Jeszcze w grudniu sternicy toruńskiego klubu informowali, że nazwisko nowego menedżera ogłoszone zostanie do końca 2012 roku. Kwestia obsadzenia stanowiska okazała się jednak trudna do realizacji ze względu na... święta. - Rozmowy nie były trudne, uniemożliwiał je nam okres świąteczny i wiele wolnych dni, więc na termin ogłoszenia nazwiska nowego menedżera wpływ miał raczej kalendarz. Ale już trzeci dzień nowego roku okazał się dobrą datą, aby poinformować o naszym wyborze - wyjaśnił prezes KST Unibax, Mateusz Kurzawski.
Zarówno Sławomir Kryjom jak i Kurzawski zgodnie twierdzą, że kwestia odejścia Kryjoma z pracy w Unibaksie w 2011 roku nie miała wpływu na przebieg negocjacji. - Nie rozmawialiśmy o przeszłości. Nie ma sensu cofać się myślami, ale trzeba myśleć o tym co będzie - przede wszystkim o zwycięstwach. Menedżer będzie podejmował decyzje odnośnie składu, a celem całej drużyny jest jak najlepszy rezultat. Nie jest tajemnicą, że celujemy w mistrzostwo - zaznaczył sternik toruńskiego klubu.

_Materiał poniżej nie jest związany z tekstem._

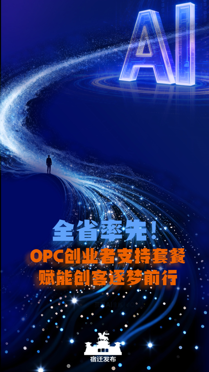 OPC,即人工智能技术赋能的一人公司,通俗讲就是“一个人+AI”即可组建公司,独立完成从设计、研发到市场、客服的全业务链路。宿迁市委副书记、市长刘浩此前现场研究推进相关工作,要求属地和部门强化全要素保障、全流程服务,建设OPC社区。

Menedżer Aniołów będzie w 2013 roku organizował również zawody Indywidualnych Mistrzostw Europy. Według prezesa Unibaksu, funkcje te nie będą ze sobą kolidować. - Sławomir Kryjom będzie łączył dwie funkcje, ale już podczas rozmów doszliśmy do porozumienia, że praca w klubie będzie priorytetem. Współpracować będzie również z Janem Ząbikiem i Mirosławem Kowalikiem, którzy razem zajmą się szkoleniem młodzieży. Do tej pory nie było problemu z podziałem obowiązków, myślę więc, że podobnie będzie w kolejnym sezonie - zakończył Kurzawski.